Coram: M. Dlamini J.


Heard: 4th July 2012


Delivered: 14th September 2012


Summary judgment application – interpretation of section 3 and 6 of Money Lending and Credit Financing Act of 1991, in duplum rule – meaning of interest.


Summary: The parties hereof, which I will refer to as plaintiff and defendants entered into a loan agreement where the plaintiff advanced 1st defendant the sum of E155,000.00. The interest was calculated to be ‘prime plus 4.5% currently at 14.5 per annum’ according to plaintiff’s particulars of claim. 2nd Defendant bind himself as surety to the contract. As a result of 1st defendant’s failure to discharge his obligation under the contract, plaintiff claims the sum of E191,713.17. This contract was concluded on 2nd October 2007.


[1] Having instituted action by way of combined summons, defendants filed a notice to defend. Plaintiff moved for a summary judgment on the basis that defendants had no bona fide defence and that they have filed a notice to defend for purposes of delaying the action.


[2] The merits of the case are not in issue.

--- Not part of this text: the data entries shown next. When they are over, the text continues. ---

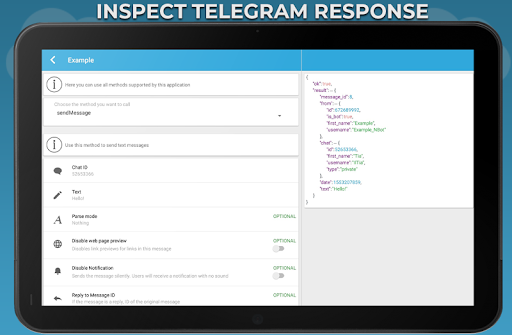 Is highly recommended to read the original documentation from telegram before using this app!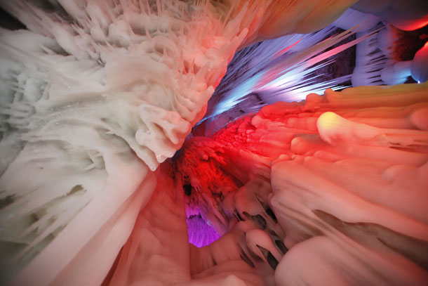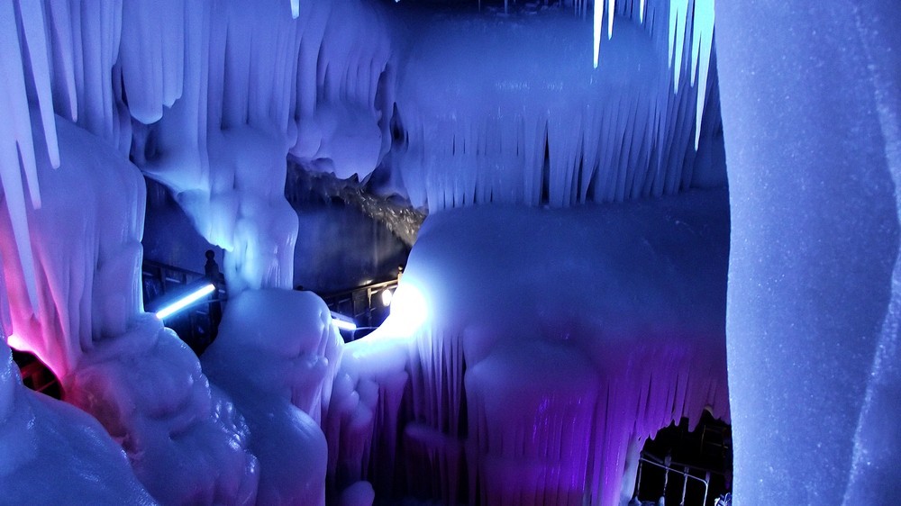 專家們稱,該冰洞位列全國(guó)一萬(wàn)多個(gè)洞穴中僅有的九個(gè)冰洞之首。洞內(nèi)制冷機(jī)制最強(qiáng)、冰儲(chǔ)量最多,現(xiàn)開(kāi)發(fā)近百米。分成上下五層,看冰洞須穿棉衣、戴手套,小心翼翼地游覽。通過(guò)鉆冰洞,下冰樓梯,過(guò)冰棧,可到各層觀光。每層可容納數(shù)十人。洞內(nèi)四周全是冰。由冰形成的冰柱、冰簾、冰瀑、冰花、冰佛、冰床、冰鐘、冰人、冰菩薩等,千奇百怪、不一而足。洞內(nèi)大大小小的景致或玲瓏剔透,或晶瑩奪目,或婀娜多姿,或雄偉壯麗,無(wú)不令人驚嘆,堪稱一個(gè)冰的絕妙世界。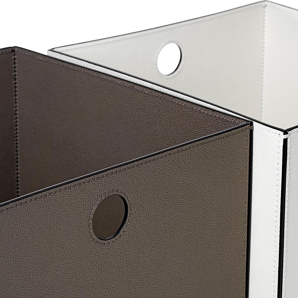 The "Marea" leather baskets by GioBagnara are available in two sizes and different colours. The leather containers are manufactured by hand in the Italian manufactory GioBagnara. On request, the leather is available in further colours. Please just enquire with us.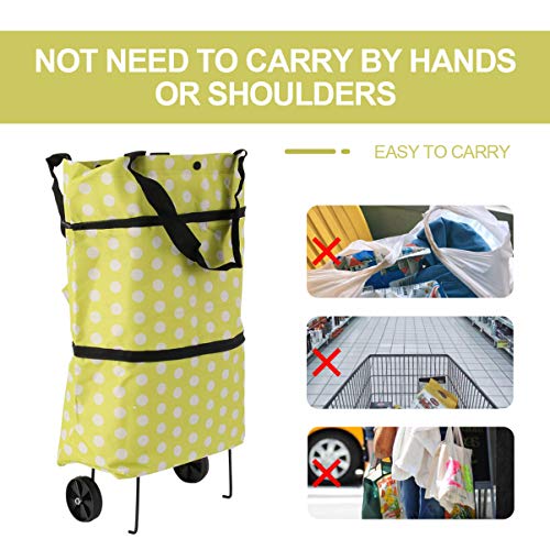 TOPBATHY Faltbare Einkaufstasche mit Rollen, faltbare Einkaufstrolley-Taschen, Einkaufswagen (grüne Punkte), Grüner…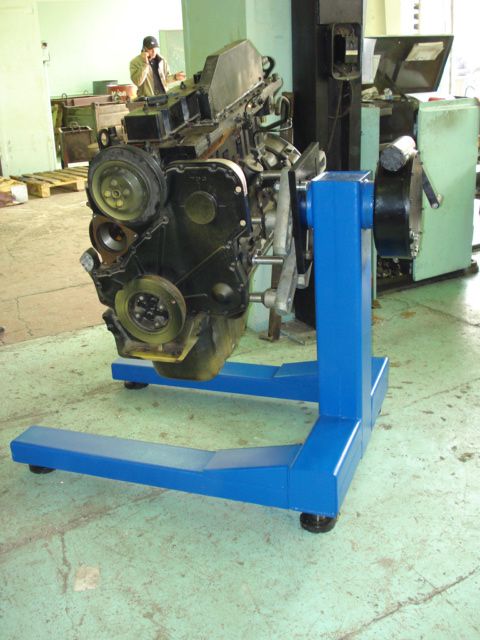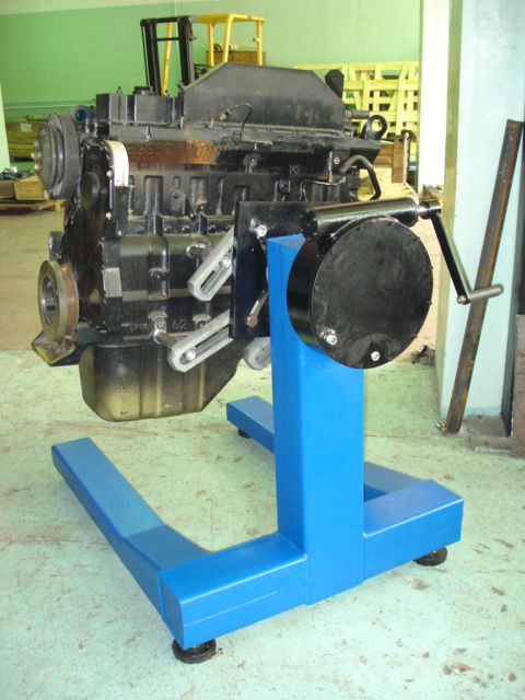 Устройство для кантования двигателей и коробок передач с вращающимся блоком и универсальным креплением.

The defendant contends however that the entire agreement mull and void ab initio for reasons that it was contrary to section 3 of the Money Lending and Credit Finance Act 1991.


[3] It was their contention that following the dictum in Reckson Mawelela MB Money Lenders Association – Civil Appeal Case No.43/1999 unreported, and the reading of section 6, the contract between plaintiff and defendant should be declared a nullity.


[4] Section 6 (1) of the Money Lending and Credit Financing Act 1991 prescribes:


Any agreement in connection with any money-lending or credit transaction that is not in conformity with the provisions of this Act shall be null and void and shall not be enforceable against the borrower or the credit receiver by the lender.”

[5] Section 3 (1) (b) of the said Act stipulates:


where in respect of any money lending or credit agreement the principal debt -

(b) exceeds E500 or such amount as may be prescribed from time to time, no lender shall charge an annual interest rate of more than 8 percentage points or such amount as may be prescribed from time to time, above the rate for discounts rediscounts and advances announced from time to time by the Central Bank under section 38 of the Central Bank of Swaziland Order 1974.”


[6] The interest rate in casu was set at prime plus 4.5% giving a total interest rate to be 14.5%. By simple arithmetic, the prime rate at that time was therefore 10%. Defendant did not dispute that the interest rate was 4.5%. He however read the 8% under the section without reading the proceeding phrase:

above the rate for discounts, rediscounts and advances announced from time to time….”


[7] On the basis of that, the defendant misreading section 3 (1) (b) I dismissed his submission on declaring the contract void and there being no dispute on the merits, I then ordered the parties to file a schedule of the discounts, rediscounts and advances from the Central Bank in order to ascertain the rate of discounts, rediscounts and advances at the time of conclusion of the contract between the parties viz. 27th October 2007 as envisaged by the Act.


[8] I ordered for the filing of the schedule much conscious of Scrutton L. J. who grumbled:

It is difficult to know what Judges are allowed to know though they are ridiculed if they pretend not to know.

[Tolley v J.S. Fry & Sons Ltd (1930) 1 KB CA at 475]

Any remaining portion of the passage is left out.